Early in the detox, Rachel meets Miriam, a zaftig young Orthodox Jewish woman who works at her favorite frozen yogurt shop and is intent upon feeding her. Rachel is suddenly and powerfully entranced by Miriam—by her sundaes and her body, her faith and her family—and as the two grow closer, Rachel embarks on a journey marked by mirrors, mysticism, mothers, milk, and honey.

I adore Melissa Broder — The Pisces is one of my favorite books of all time. I have slightly more tempered expectations for her newest novel after reading a few reviews but I’m sure I’ll still devour this.

The Project by Courtney Summers
February 2, 2021
Wednesday Books

Lo Denham is used to being on her own. After her parents died, Lo’s sister, Bea, joined The Unity Project, leaving Lo in the care of their great aunt. Thanks to its extensive charitable work and community outreach, The Unity Project has won the hearts and minds of most in the Upstate New York region, but Lo knows there’s more to the group than meets the eye. She’s spent the last six years of her life trying—and failing—to prove it.

When a man shows up at the magazine Lo works for claiming The Unity Project killed his son, Lo sees the perfect opportunity to expose the group and reunite with Bea once and for all. When her investigation puts her in the direct path of its leader, Lev Warren and as Lo delves deeper into The Project, the lives of its members it upends everything she thought she knew about her sister, herself, cults, and the world around her—to the point she can no longer tell what’s real or true. Lo never thought she could afford to believe in Lev Warren . . . but now she doesn’t know if she can afford not to. 

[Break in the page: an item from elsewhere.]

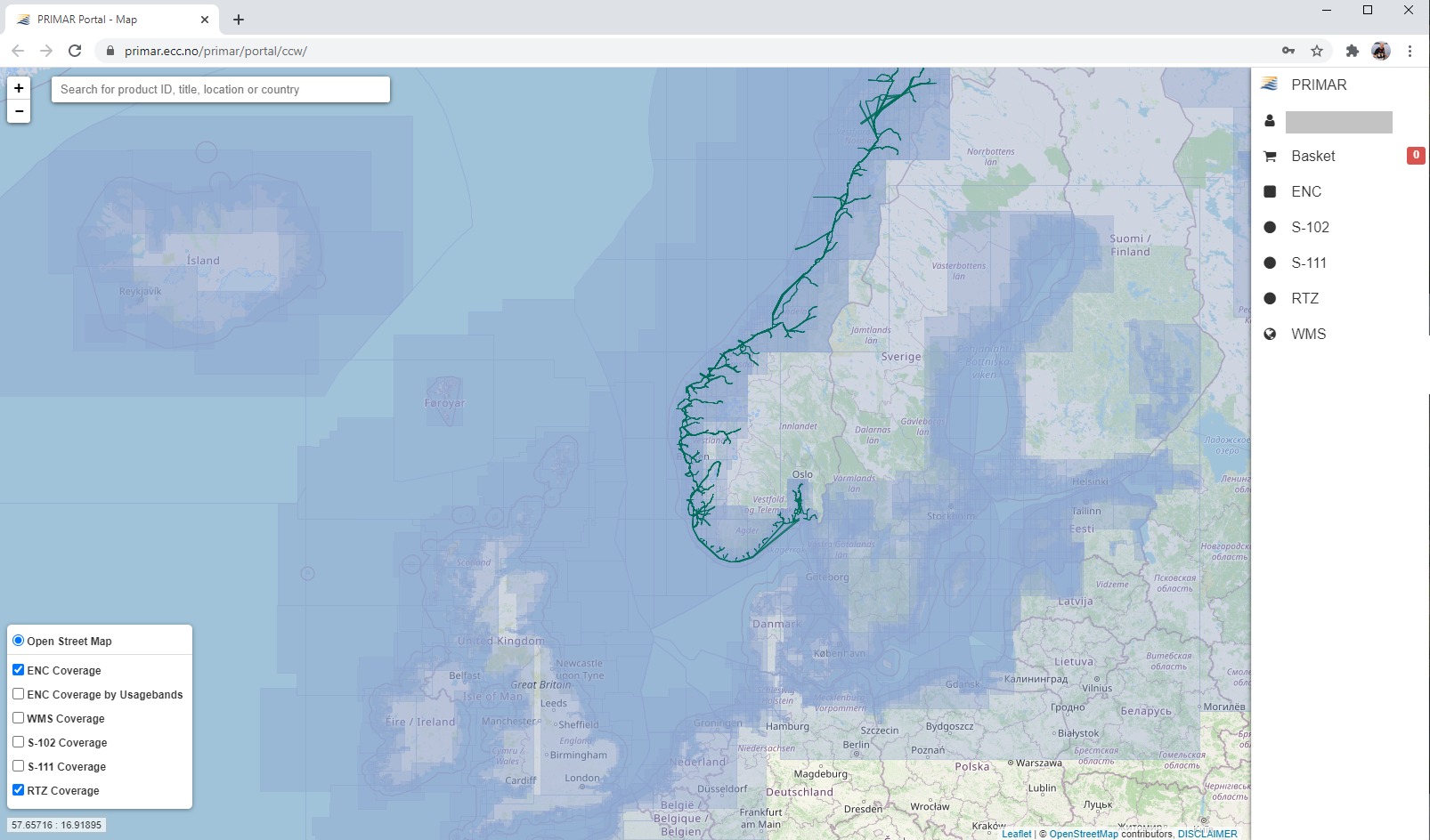 Kystverkets digitale seilingsruter i kartkatalogen til PRIMAR.

I would not in a hundred years pick this book up for its summary, but Courtney Summers’ Sadie is one of the best YA novels I’ve ever read so my curiosity is really just getting the better of me here.

100 Boyfriends by Brontez Purnell
February 2, 2021
FSG

Transgressive, foulmouthed, and devastatingly funny, Brontez Purnell’s 100 Boyfriends is a revelatory spiral into the imperfect lives of queer men desperately fighting–and often losing–the urge to self-sabotage. His characters solicit sex on their lunch breaks, expose themselves to racist neighbors, sleep with their coworker’s husbands, rub Preparation H on their hungover eyes, and, in an uproarious epilogue, take a punk band on a disastrous tour of Europe. They also travel to claim inheritances, push past personal trauma, and cultivate community while living on the margins of a white supremacist, heteronormative society.

Armed with a deadpan wit that finds humor in even the lowest of nadirs, Brontez Purnell–a widely acclaimed underground writer, filmmaker, musician, and performance artist–writes with the peerless zeal, insight, and horniness of a gay punk messiah. From dirty warehouses and gentrified bars in Oakland to desolate farm towns in Alabama, Purnell indexes desire, desperation, race, and loneliness with a startling blend of levity and vulnerability. Together, the slice-of-life tales that writhe within 100 Boyfriends are a singular and uncompromising vision of an unexposed queer underbelly. Holding them together is the vision of an iconoclastic storyteller, as fearless as he is human.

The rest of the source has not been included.